The Eastern Orthodox Schism Deepens
Ecumenical Patriarch of Constantinople Bartholomew i traveled to Vilnius last week to meet with Lithuanian Prime Minister Ingrida Šimonytė. This visit may seem innocuous, but Bartholomew’s actions have profound effects in the Orthodox world.
On March 21, Bartholomew and Šimonytė signed a cooperation agreement encouraging deeper relations. Most significantly, Bartholomew announced the possibility of establishing a patriarchal exarchate in Lithuania. An exarchate is an autonomous diocese governing itself under the patriarch’s authority.
Why does this matter? Lithuania was formerly part of the Russian empire with a sizable Russian minority. Most of its roughly 100,000 Orthodox Christians are in the Russian Orthodox Church. The church is an ardent supporter of Russia’s war in Ukraine. Many members are uneasy belonging to a faith backing Europe’s biggest war since 1945. Bartholomew’s planned exarchate is meant to address this, allowing the faithful to shift their allegiance from Moscow to Constantinople.
Orthodox states like Russia, Greece and Serbia have autonomous churches with different traditions. The patriarch of Constantinople is accepted as their figurehead “first among equals.” Despite not having much real authority, he holds some important reserve powers. This includes the right to give Orthodox churches autonomy. In 2019, Bartholomew recognized the Orthodox Church in Ukraine as a separate jurisdiction from the Russian Orthodox Church. The Russian church responded by severing ties with the patriarchate. The schism has only deepened since the Ukraine War started last year.
Bartholomew’s latest actions suggest the schism is permanent. In 2019, the Russian Orthodox Church took issue with him giving a territory independence without consulting Moscow. In 2023, the Patriarchate is taking over territory from Moscow for itself.
Taking on Moscow: Bartholomew has never been a supporter of Russian Orthodox Church Patriarch Kirill’s role in the Ukraine war. But on March 22, Bartholomew ramped up his rhetoric against Moscow in a conference at the Lithuanian parliament (emphasis added):
With the end of the Soviet Union and the bankruptcy of the Communist ideology, pseudo-religion emerged.
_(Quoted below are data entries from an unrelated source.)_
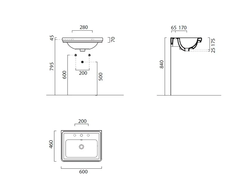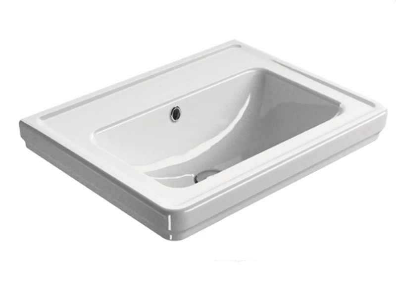 Раковина подвесная GSI CLASSIC 8731111 с одним отверстием для смесителя (предусмотрены три отверстия), с переливом. Установка - подвесная или на колонне. Размер 60х46 см. Цвет - белый. Крепления, колонна и сифон приобретаются отдельно.
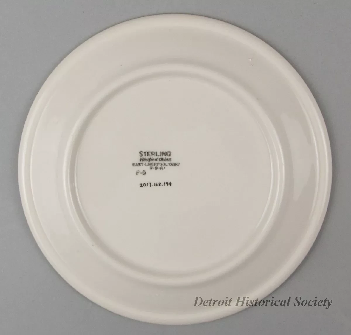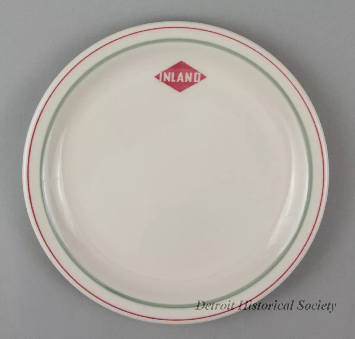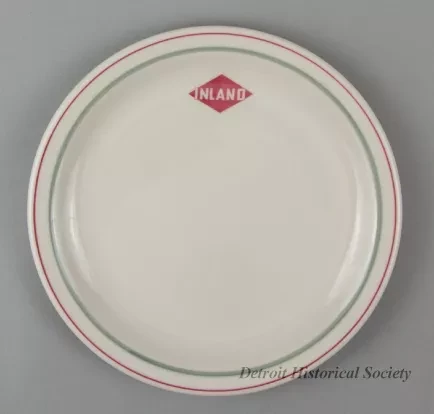 One bread plate from the dining room of the bulk carrier, SS Philip D. Block, of the Inland Steel Company. The round plate is made of heavyweight glazed china of a bone/ivory color. It has a narrow, slightly-upturned rim and a thickened outer edge. A narrow red stripe encircles the outer edge of the rim and a narrow gray stripe encircles the inner edge. A red diamond-shaped company emblem, which shows the name, "Inland," in bone/ivory-colored text, is stamped below the rim on one area of the plate. The underside is stamped with black text that reads "Sterling Vitrified China, East Liverpool, Ohio, U.S.A." and "F-5."
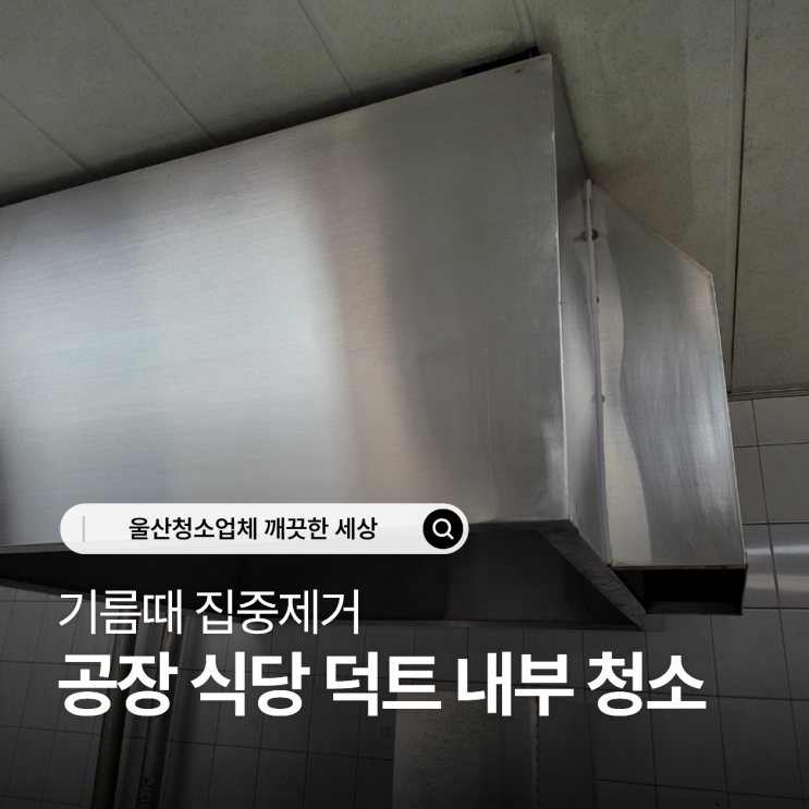 안녕하세요 울산 청소업체 깨끗한 세상입니다. 목차 1.덕트 상태 점검 2.청소 전 준비 및 보호작업 3.공장 식당 덕트 내부 청소 4.마무리 공장 내 식당은 직원들이 매일 이용하는 공간인 만큼 위생 관리가 무엇보다 중요합니다. 특히 조리가 이루어지는 주방은 겉으로 보기엔 깨끗해 보여도 내부에는 기름때와 먼지가 겹겹이 쌓여 있는 경우가 많기 때문에 눈에 보이는 부분뿐 아니라 후드와 덕트 내부까지 관리가 필요한데요 이번에 방문한 현장 역시 오랜 기간 내부 관리가 이루어지지 않아 환기 성능이 눈에 띄게 떨어진 상태였고 주방 전반에 기름냄새가 배어 있었습니다. 덕트 상태 점검 작업 전 후드와 연결된 덕트 내부를 먼저 확인하....... <img src="https://blogthumb.pstatic.net/MjAyNjAyMjVfMTM0/MDAxNzcxOTcyMzY2MzMw._ZvgwkAILN_ZAe_muMJ5wffkykZ_gLGlUCsfTEjqpN4g.MNZzp-3Gjg9lYgAsWdI0Sxylmv_A4csf-KfblsI8EGgg.PNG/1.png?type=s3" />
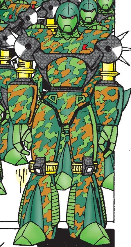 The Egg Pawn were the replacements for the SWATbots. The Egg Pawns were the ground forces with modular components and A.I. like SWATbots. Egg Flappers were the aerial variant, and Egg Hammers were giant melee version. They were all wiped out by the fourth Enerjak.[1]
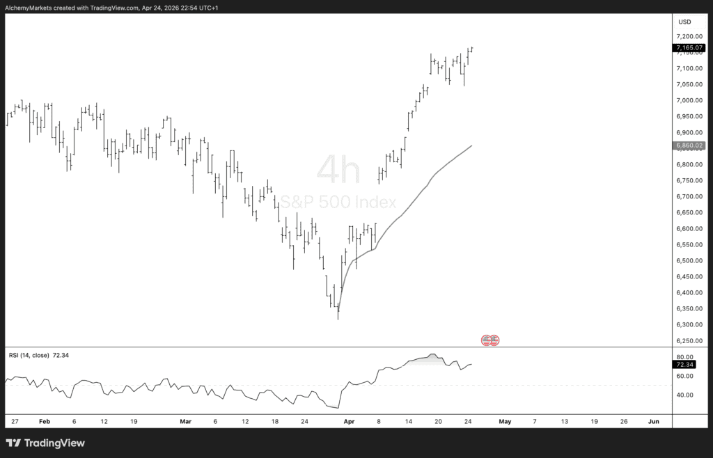 From a technical standpoint, the S&P 500 continues to trade in a strong short-term uptrend on the 4-hour timeframe, with price action printing a clear sequence of higher highs and higher lows since the March 30th low (~6,320 area).
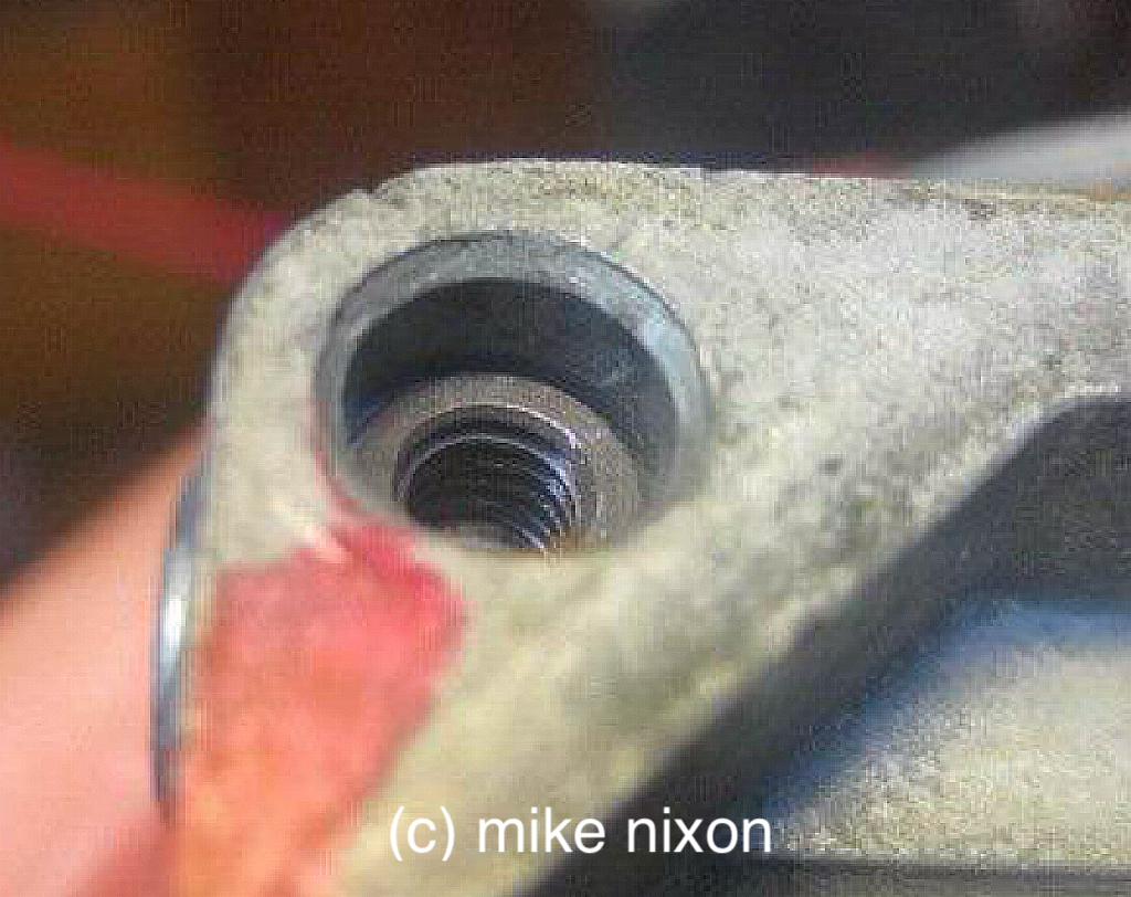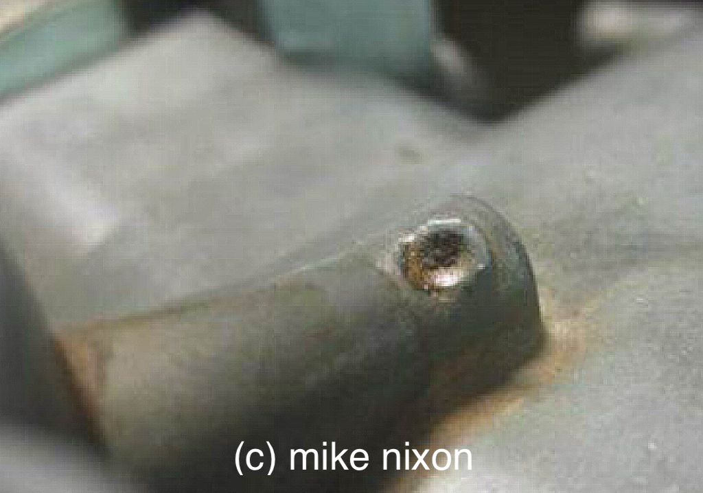 A very common need on the PD carburetor is that folks overtighten the float bowl screws. Some of the threads are tricky to repair because they are sunken into the casting. This is a Timesert-repaired thread, which properly installed works very well here. I have saved many carbs this way. |
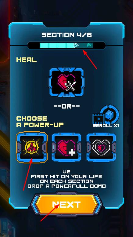 3、在關(guān)卡之間的界面,根據(jù)提示,選擇治療或選擇增強道具,點擊NEXT按鈕,進入下一個區(qū)域。
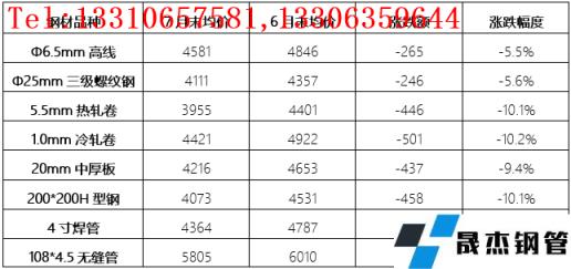表1 10大城市8大厚壁钢管品种价格涨跌情况表(单位:元/吨,%)
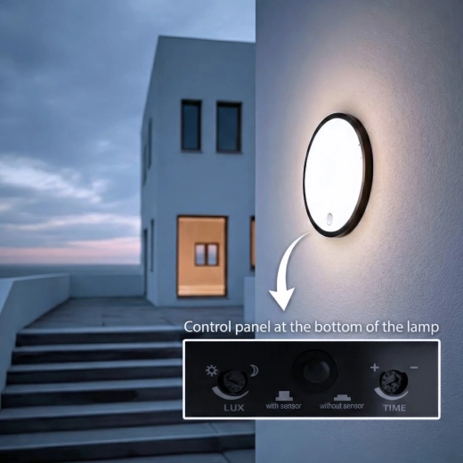Odolné krytí IP65 zajišťuje bezproblémové použití venku – u vchodů, na terasách či podél cest – i uvnitř budov v chodbách, garážích nebo technických místnostech. V případě potřeby lze senzor deaktivovat a využít nepřetržitý režim svícení, čímž svítidlo poslouží jako klasický zdroj světla.
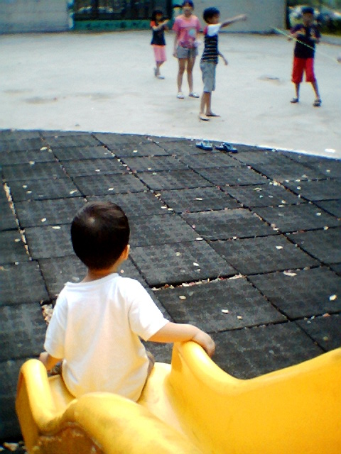 但大哥哥、大姐姐(國小高年級)玩瘋了並不想理會他,
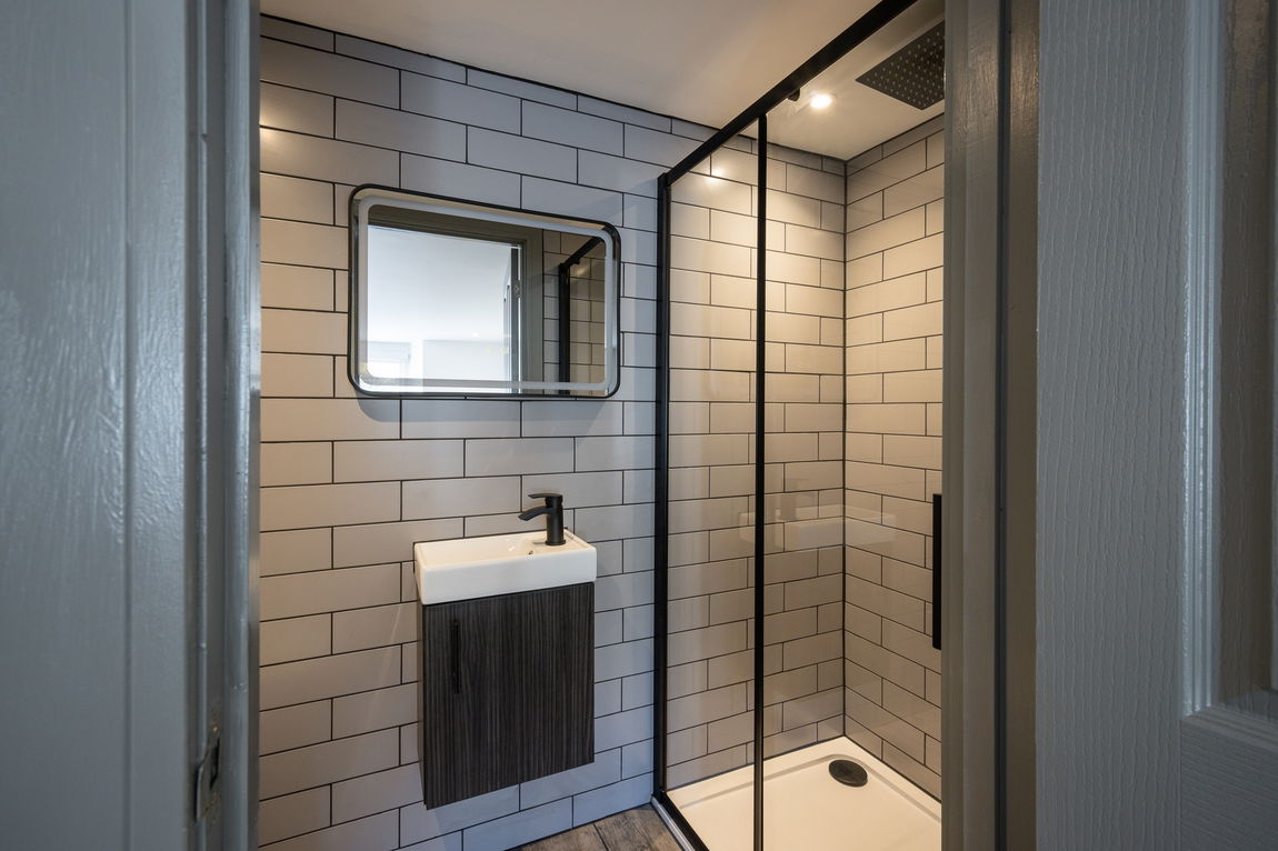 A sleek and contemporary four-piece family bathroom completes this beautifully designed floor.
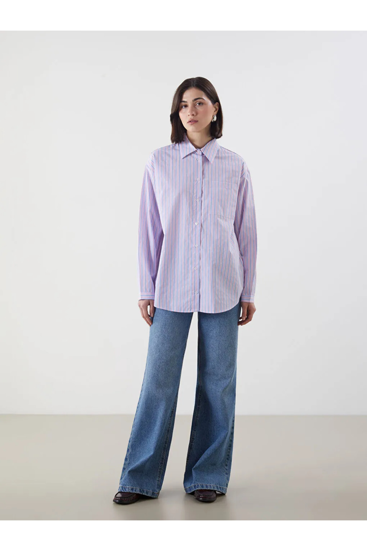LCW Modest Pembe Çizgili Oversize Poplin Kadın Gömlek Tunik LCW Modest Pembe Çizgili Oversize Poplin Kadın Gömlek Tunik TYC0923738974MS5MP95Z8010 XS-S

The old imperial strategies were then combined with the cynical techniques and mechanisms developed and inherited from the Soviet Union. The church and the state leadership in Russia cooperated in the crime of aggression, and share the responsibility for the resulting crimes, like the shocking abduction of Ukrainian children. They have provoked enormous suffering not only to the Ukrainian people, but also to the Russians, who count more than 100,000 casualties and the responsibility for terrible atrocities. [O]ur interreligious dialogue has to focus not only on ways to resist and neutralize the capacity of the leadership of the Moscow Patriarchate to undermine unity and to theologically legitimize criminal behavior. It is our common Christian duty to use our forces of dialogue to bring back our Russian brothers and sisters to our community of shared values.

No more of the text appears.